━━ Data excerpt
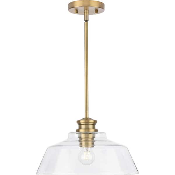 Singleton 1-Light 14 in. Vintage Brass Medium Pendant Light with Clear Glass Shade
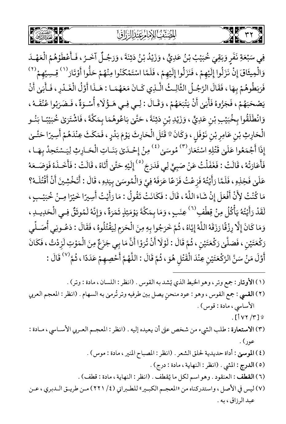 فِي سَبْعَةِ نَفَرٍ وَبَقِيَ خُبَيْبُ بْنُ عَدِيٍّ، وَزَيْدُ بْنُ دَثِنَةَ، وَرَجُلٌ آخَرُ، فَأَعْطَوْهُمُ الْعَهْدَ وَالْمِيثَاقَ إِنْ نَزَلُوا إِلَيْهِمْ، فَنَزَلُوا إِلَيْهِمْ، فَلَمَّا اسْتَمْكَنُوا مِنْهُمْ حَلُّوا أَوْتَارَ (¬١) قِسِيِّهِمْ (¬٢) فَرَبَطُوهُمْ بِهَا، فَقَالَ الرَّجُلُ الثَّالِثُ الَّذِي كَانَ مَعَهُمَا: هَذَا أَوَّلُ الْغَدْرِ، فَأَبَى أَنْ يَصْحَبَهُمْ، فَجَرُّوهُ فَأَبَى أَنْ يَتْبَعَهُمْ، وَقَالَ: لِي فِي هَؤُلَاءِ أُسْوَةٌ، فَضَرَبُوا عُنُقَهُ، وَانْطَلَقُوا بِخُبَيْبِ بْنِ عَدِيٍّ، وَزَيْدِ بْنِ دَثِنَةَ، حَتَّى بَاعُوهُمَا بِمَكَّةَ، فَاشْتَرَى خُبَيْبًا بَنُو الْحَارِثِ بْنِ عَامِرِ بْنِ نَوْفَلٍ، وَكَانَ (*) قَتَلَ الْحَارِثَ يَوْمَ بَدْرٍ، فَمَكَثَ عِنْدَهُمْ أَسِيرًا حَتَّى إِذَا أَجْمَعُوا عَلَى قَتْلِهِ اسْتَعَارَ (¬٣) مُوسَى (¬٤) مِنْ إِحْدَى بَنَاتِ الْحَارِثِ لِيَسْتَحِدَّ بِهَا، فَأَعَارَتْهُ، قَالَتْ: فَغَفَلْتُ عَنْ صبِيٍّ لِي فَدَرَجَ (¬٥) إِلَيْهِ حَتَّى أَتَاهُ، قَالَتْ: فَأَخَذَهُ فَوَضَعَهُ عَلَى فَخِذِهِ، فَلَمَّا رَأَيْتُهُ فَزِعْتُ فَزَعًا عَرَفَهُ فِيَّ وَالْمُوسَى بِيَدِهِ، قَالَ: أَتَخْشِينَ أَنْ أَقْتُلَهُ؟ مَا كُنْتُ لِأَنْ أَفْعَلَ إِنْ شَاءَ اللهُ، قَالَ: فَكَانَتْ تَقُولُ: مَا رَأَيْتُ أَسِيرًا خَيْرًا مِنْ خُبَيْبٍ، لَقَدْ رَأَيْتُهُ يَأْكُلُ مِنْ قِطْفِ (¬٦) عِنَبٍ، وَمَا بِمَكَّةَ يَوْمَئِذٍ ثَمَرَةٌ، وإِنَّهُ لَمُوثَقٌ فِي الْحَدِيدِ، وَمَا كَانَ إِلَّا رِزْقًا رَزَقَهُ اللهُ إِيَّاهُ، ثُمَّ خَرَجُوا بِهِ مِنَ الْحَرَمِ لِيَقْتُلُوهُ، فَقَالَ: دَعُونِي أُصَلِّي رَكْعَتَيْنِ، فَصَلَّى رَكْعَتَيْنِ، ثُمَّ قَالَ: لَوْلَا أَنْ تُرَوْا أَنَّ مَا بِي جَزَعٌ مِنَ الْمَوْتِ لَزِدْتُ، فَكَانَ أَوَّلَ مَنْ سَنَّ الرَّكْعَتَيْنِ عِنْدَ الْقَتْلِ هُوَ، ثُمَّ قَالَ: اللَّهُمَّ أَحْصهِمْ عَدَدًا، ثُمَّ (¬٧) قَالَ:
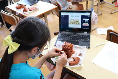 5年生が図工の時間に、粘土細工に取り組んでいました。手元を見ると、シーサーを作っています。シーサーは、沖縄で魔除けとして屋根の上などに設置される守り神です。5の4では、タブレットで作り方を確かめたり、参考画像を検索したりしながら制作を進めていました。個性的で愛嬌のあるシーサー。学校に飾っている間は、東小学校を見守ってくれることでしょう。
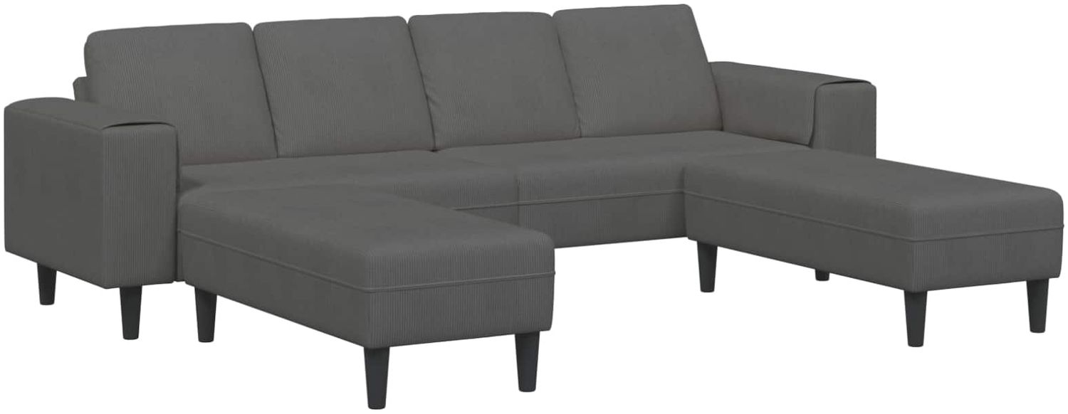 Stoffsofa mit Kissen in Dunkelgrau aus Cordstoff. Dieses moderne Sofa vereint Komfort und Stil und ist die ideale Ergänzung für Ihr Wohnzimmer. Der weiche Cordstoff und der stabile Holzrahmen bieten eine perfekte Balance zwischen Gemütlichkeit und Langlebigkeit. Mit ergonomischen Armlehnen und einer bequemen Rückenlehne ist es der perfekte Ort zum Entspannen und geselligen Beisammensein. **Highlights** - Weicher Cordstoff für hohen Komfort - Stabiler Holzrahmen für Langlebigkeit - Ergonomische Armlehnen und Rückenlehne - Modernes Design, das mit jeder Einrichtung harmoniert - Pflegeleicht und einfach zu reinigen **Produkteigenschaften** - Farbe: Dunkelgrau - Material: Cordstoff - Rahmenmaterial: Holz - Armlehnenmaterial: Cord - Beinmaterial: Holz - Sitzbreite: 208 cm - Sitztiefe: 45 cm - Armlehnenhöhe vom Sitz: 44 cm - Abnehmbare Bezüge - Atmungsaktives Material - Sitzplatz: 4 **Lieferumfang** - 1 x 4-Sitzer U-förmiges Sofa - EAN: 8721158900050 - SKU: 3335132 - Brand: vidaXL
━━━━
Where a picture appears in the material above, skip it, and print the rest exactly.

* Output of the task
 Singleton 1-Light 14 in. Vintage Brass Medium Pendant Light with Clear Glass Shade
 فِي سَبْعَةِ نَفَرٍ وَبَقِيَ خُبَيْبُ بْنُ عَدِيٍّ، وَزَيْدُ بْنُ دَثِنَةَ، وَرَجُلٌ آخَرُ، فَأَعْطَوْهُمُ الْعَهْدَ وَالْمِيثَاقَ إِنْ نَزَلُوا إِلَيْهِمْ، فَنَزَلُوا إِلَيْهِمْ، فَلَمَّا اسْتَمْكَنُوا مِنْهُمْ حَلُّوا أَوْتَارَ (¬١) قِسِيِّهِمْ (¬٢) فَرَبَطُوهُمْ بِهَا، فَقَالَ الرَّجُلُ الثَّالِثُ الَّذِي كَانَ مَعَهُمَا: هَذَا أَوَّلُ الْغَدْرِ، فَأَبَى أَنْ يَصْحَبَهُمْ، فَجَرُّوهُ فَأَبَى أَنْ يَتْبَعَهُمْ، وَقَالَ: لِي فِي هَؤُلَاءِ أُسْوَةٌ، فَضَرَبُوا عُنُقَهُ، وَانْطَلَقُوا بِخُبَيْبِ بْنِ عَدِيٍّ، وَزَيْدِ بْنِ دَثِنَةَ، حَتَّى بَاعُوهُمَا بِمَكَّةَ، فَاشْتَرَى خُبَيْبًا بَنُو الْحَارِثِ بْنِ عَامِرِ بْنِ نَوْفَلٍ، وَكَانَ (*) قَتَلَ الْحَارِثَ يَوْمَ بَدْرٍ، فَمَكَثَ عِنْدَهُمْ أَسِيرًا حَتَّى إِذَا أَجْمَعُوا عَلَى قَتْلِهِ اسْتَعَارَ (¬٣) مُوسَى (¬٤) مِنْ إِحْدَى بَنَاتِ الْحَارِثِ لِيَسْتَحِدَّ بِهَا، فَأَعَارَتْهُ، قَالَتْ: فَغَفَلْتُ عَنْ صبِيٍّ لِي فَدَرَجَ (¬٥) إِلَيْهِ حَتَّى أَتَاهُ، قَالَتْ: فَأَخَذَهُ فَوَضَعَهُ عَلَى فَخِذِهِ، فَلَمَّا رَأَيْتُهُ فَزِعْتُ فَزَعًا عَرَفَهُ فِيَّ وَالْمُوسَى بِيَدِهِ، قَالَ: أَتَخْشِينَ أَنْ أَقْتُلَهُ؟ مَا كُنْتُ لِأَنْ أَفْعَلَ إِنْ شَاءَ اللهُ، قَالَ: فَكَانَتْ تَقُولُ: مَا رَأَيْتُ أَسِيرًا خَيْرًا مِنْ خُبَيْبٍ، لَقَدْ رَأَيْتُهُ يَأْكُلُ مِنْ قِطْفِ (¬٦) عِنَبٍ، وَمَا بِمَكَّةَ يَوْمَئِذٍ ثَمَرَةٌ، وإِنَّهُ لَمُوثَقٌ فِي الْحَدِيدِ، وَمَا كَانَ إِلَّا رِزْقًا رَزَقَهُ اللهُ إِيَّاهُ، ثُمَّ خَرَجُوا بِهِ مِنَ الْحَرَمِ لِيَقْتُلُوهُ، فَقَالَ: دَعُونِي أُصَلِّي رَكْعَتَيْنِ، فَصَلَّى رَكْعَتَيْنِ، ثُمَّ قَالَ: لَوْلَا أَنْ تُرَوْا أَنَّ مَا بِي جَزَعٌ مِنَ الْمَوْتِ لَزِدْتُ، فَكَانَ أَوَّلَ مَنْ سَنَّ الرَّكْعَتَيْنِ عِنْدَ الْقَتْلِ هُوَ، ثُمَّ قَالَ: اللَّهُمَّ أَحْصهِمْ عَدَدًا، ثُمَّ (¬٧) قَالَ:
 5年生が図工の時間に、粘土細工に取り組んでいました。手元を見ると、シーサーを作っています。シーサーは、沖縄で魔除けとして屋根の上などに設置される守り神です。5の4では、タブレットで作り方を確かめたり、参考画像を検索したりしながら制作を進めていました。個性的で愛嬌のあるシーサー。学校に飾っている間は、東小学校を見守ってくれることでしょう。
 Stoffsofa mit Kissen in Dunkelgrau aus Cordstoff. Dieses moderne Sofa vereint Komfort und Stil und ist die ideale Ergänzung für Ihr Wohnzimmer. Der weiche Cordstoff und der stabile Holzrahmen bieten eine perfekte Balance zwischen Gemütlichkeit und Langlebigkeit. Mit ergonomischen Armlehnen und einer bequemen Rückenlehne ist es der perfekte Ort zum Entspannen und geselligen Beisammensein. **Highlights** - Weicher Cordstoff für hohen Komfort - Stabiler Holzrahmen für Langlebigkeit - Ergonomische Armlehnen und Rückenlehne - Modernes Design, das mit jeder Einrichtung harmoniert - Pflegeleicht und einfach zu reinigen **Produkteigenschaften** - Farbe: Dunkelgrau - Material: Cordstoff - Rahmenmaterial: Holz - Armlehnenmaterial: Cord - Beinmaterial: Holz - Sitzbreite: 208 cm - Sitztiefe: 45 cm - Armlehnenhöhe vom Sitz: 44 cm - Abnehmbare Bezüge - Atmungsaktives Material - Sitzplatz: 4 **Lieferumfang** - 1 x 4-Sitzer U-förmiges Sofa - EAN: 8721158900050 - SKU: 3335132 - Brand: vidaXL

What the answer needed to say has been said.